Daan Nijssen takes a DNA test

As a historian, I have always been curious about my ancestors. Unfortunately, archives and baptismal registers only go back a few hunderd years. One of my paternal uncles has traced the Nijssen family line back to the sixteenth century, but so far all of my paternal ancestors seem to have lived in a small area on the border between Noord-Brabant and Limburg. On my maternal side, too, all of my ancestors up to the third generation are from that specific region. So far, no exotic influences have been detected and no connections to great historical events can be made.

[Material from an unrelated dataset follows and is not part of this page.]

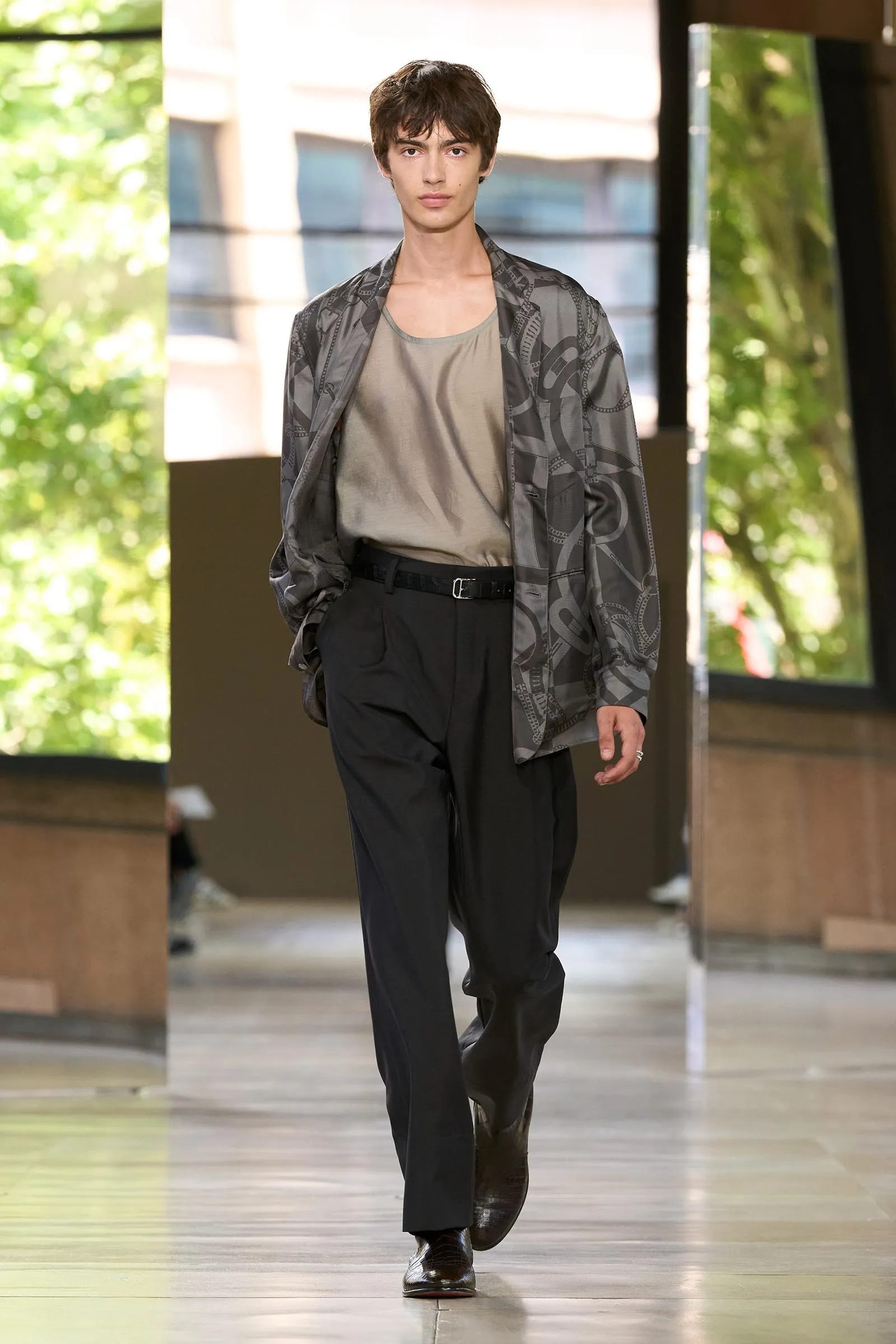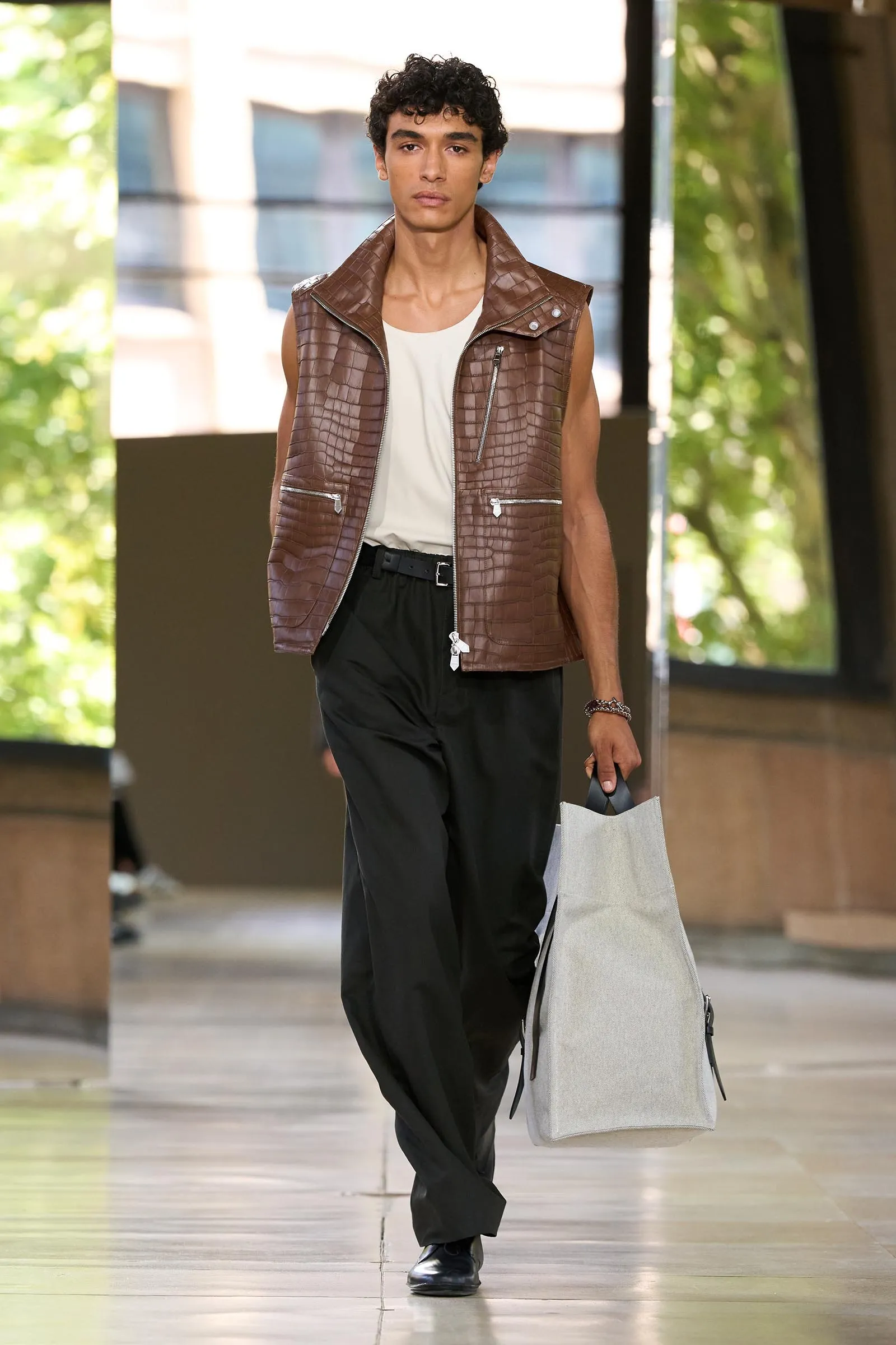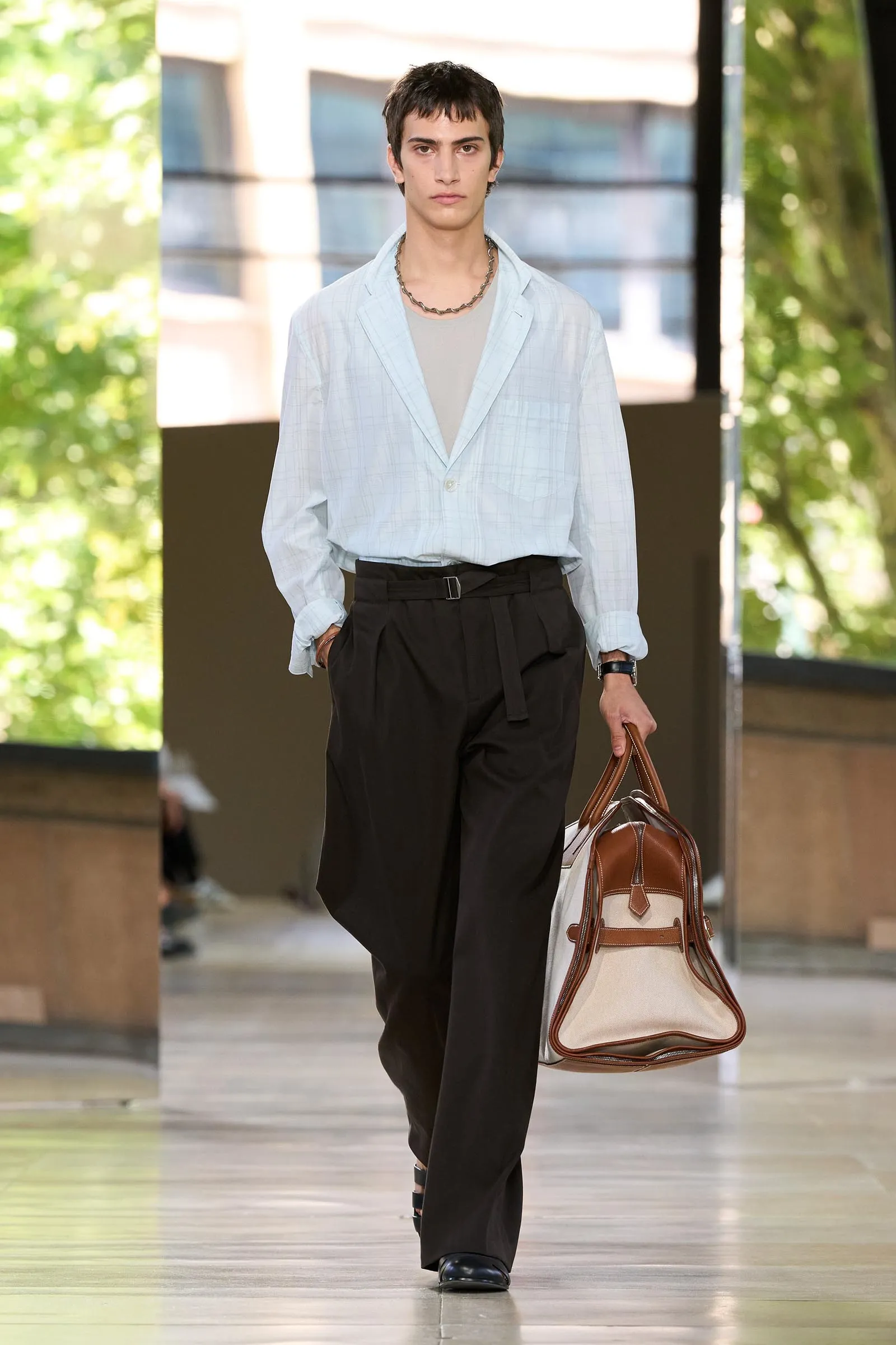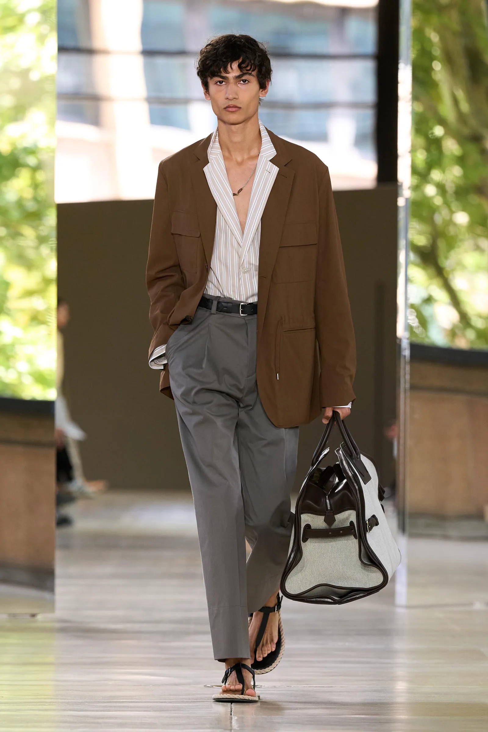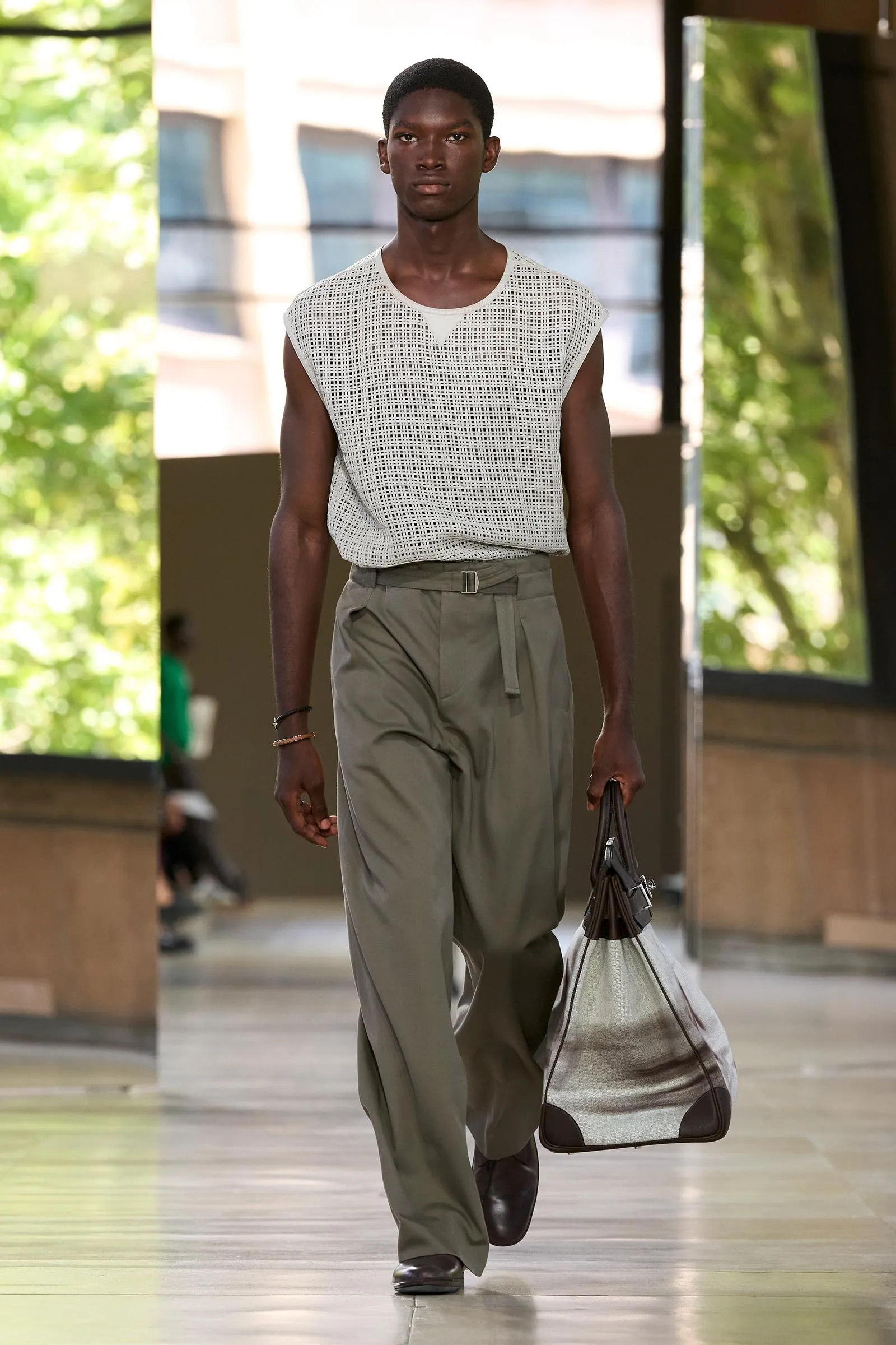 “I was looking for lightness,” Nichanian said, although, interestingly, she’d not designed it as a beachy-sporty summer vacation collection at all. Instead here was Hermès at its most Hermès: making a modern city wardrobe for a discreetly relaxed wealthy man. Mainly crafted in browns, inky-blacks and light neutrals, these were garments which passed as low-key normal but were in fact designed and made to perfection. “It’s the proportion I liked—wider trousers, shorter jackets,” Nichanian declared.

Since I am especially interested in ancient history, I have always been a bit disappointed that I would never know to which ancient peoples I was related. That is, until I discovered genetic DNA testing. Over the past few years I have read a lot about genetic genealogy and a few weeks ago I decided to order a DNA test of my own, at 23andme. At 23andme professional geneticists investigate your DNA and try to trace the origins of your genetic material back to specific regions. They can also identify both your paternal (Y-DNA) and maternal (mitochrondrial DNA) haplogroups, which allows you to trace the migration routes of your ancestors took back to East Africa. A few days ago the results came in.

 

Ancestry composition
Perhaps the most interesting aspect of DNA testing is the ancestry composition. By comparing the mutations on all 23 chromosomes to other DNA samples in the central database, geneticists try to predict in which region each part of your DNA sequence originated. This method, however, has varying levels of certainty. The results currently displayed are in ‘Speculative Mode’, which means that they are 51% certain about assigning a specific origin. There is also a ‘Standard Mode’ (75% certainty) and a ‘Conservative Mode’ (90% certainty), but since I like to get specific results I have chosen the Speculative Mode. Now, let us break down my ancestry composition:

40,4% French & German
26,3% British & Irish
2,3% Scandinavian
28,6% Broadly Northwest European
0,9% Broadly Southern European
0,1% Ashkenazi
1,3% Broadly European
0,1% Yakut

40,4% French & German
French & German appears to be a generic term for continental Western Europe. It also includes the Low Countries. In other words, a high percentage of genetic material from this group was to be expected. In my specific case these genes are likely derived from such peoples as the Belgae, the Eburones, the Batavians, provincial Romans and finally the Franks, who absorbed all previous populations.

26,3% British and Irish
This is a good example of what can happen if you choose to display your results in Speculative Mode. When displayed in Standard Mode, my British & Irish ancestry is only 6,7% and in Conservative Mode it is entirely absent. Although I do not rule out the possibility that I have some ancestors from the British Isles, I consider it unlikely that over a quarter of my ancestors migrated to the Netherlands from Britain in recent times. Instead, I think Saxon or Frisian genes may explain these results, since these peoples settled England during the Migration Period.

2,3% Scandinavian
My gut reaction upon first seeing my Scandinavian ancestry was to connect it with the Vikings. Of course this is a possibility. The Vikings are known to have sailed down the Rhine and the Meuse occasionally, although this region was not among of their main raiding zone. There is more to Scandinavia than Vikings however. In the fourteenth to sixteenth century there was much interaction between Dutch and Scandinavian merchants because of the Hanseatic and Baltic Sea trade. Moreover, with a percentage of 2,3% it is possible that all Scandinavian genes came from one person five generations back, which would place him or her somewhere in the nineteenth century.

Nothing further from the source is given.